====== INPUT FOR THIS TASK ======
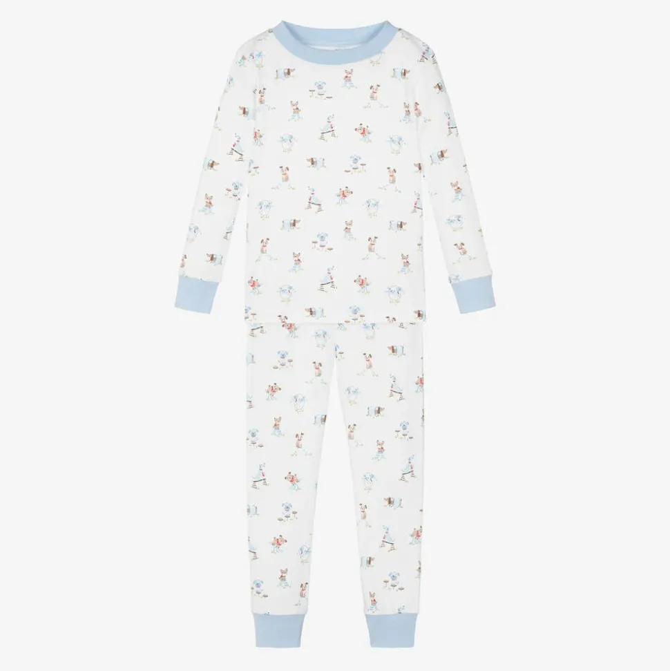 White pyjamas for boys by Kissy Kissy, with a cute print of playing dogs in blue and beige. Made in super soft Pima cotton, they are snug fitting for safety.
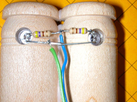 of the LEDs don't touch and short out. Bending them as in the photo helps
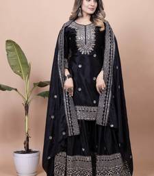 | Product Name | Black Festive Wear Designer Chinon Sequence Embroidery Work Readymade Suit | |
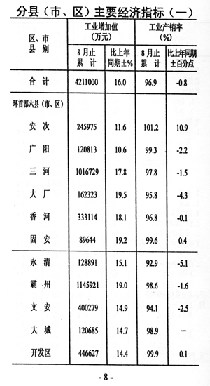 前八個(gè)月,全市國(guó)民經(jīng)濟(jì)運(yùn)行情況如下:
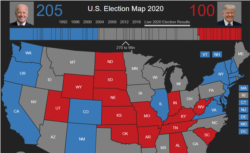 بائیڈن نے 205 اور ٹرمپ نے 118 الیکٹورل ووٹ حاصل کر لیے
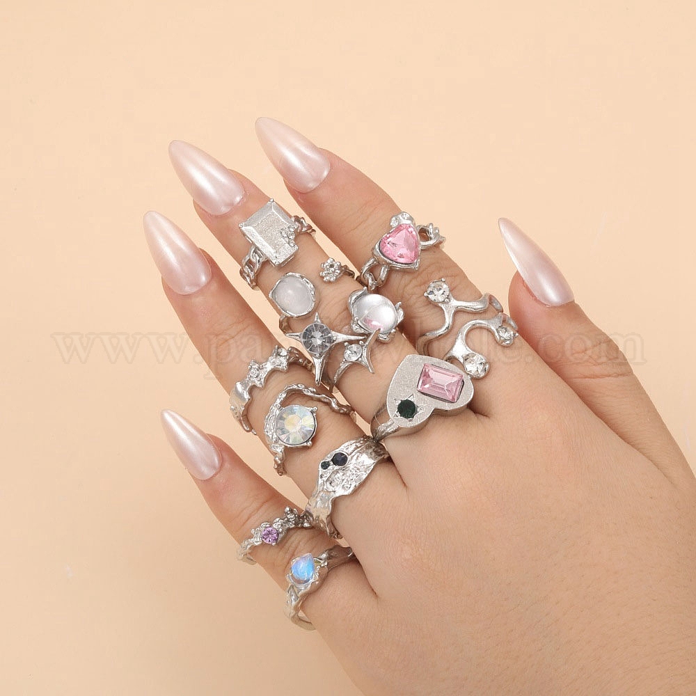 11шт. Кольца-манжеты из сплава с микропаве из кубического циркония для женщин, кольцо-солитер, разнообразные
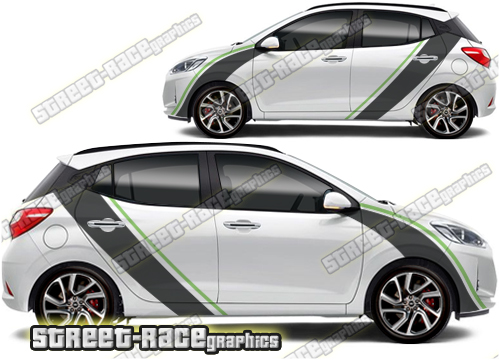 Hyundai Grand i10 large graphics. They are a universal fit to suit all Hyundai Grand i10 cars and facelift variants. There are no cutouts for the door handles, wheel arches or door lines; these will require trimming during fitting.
======
◆ EXERCISE BRIEF ◆
Quote the records in their entirety, keeping the wording exact and excluding pictures.

◆ WRITTEN SOLUTION ◆
 White pyjamas for boys by Kissy Kissy, with a cute print of playing dogs in blue and beige. Made in super soft Pima cotton, they are snug fitting for safety.
 of the LEDs don't touch and short out. Bending them as in the photo helps
 | Product Name | Black Festive Wear Designer Chinon Sequence Embroidery Work Readymade Suit | |
 前八個(gè)月,全市國(guó)民經(jīng)濟(jì)運(yùn)行情況如下:
 بائیڈن نے 205 اور ٹرمپ نے 118 الیکٹورل ووٹ حاصل کر لیے
 11шт. Кольца-манжеты из сплава с микропаве из кубического циркония для женщин, кольцо-солитер, разнообразные
 Hyundai Grand i10 large graphics. They are a universal fit to suit all Hyundai Grand i10 cars and facelift variants. There are no cutouts for the door handles, wheel arches or door lines; these will require trimming during fitting.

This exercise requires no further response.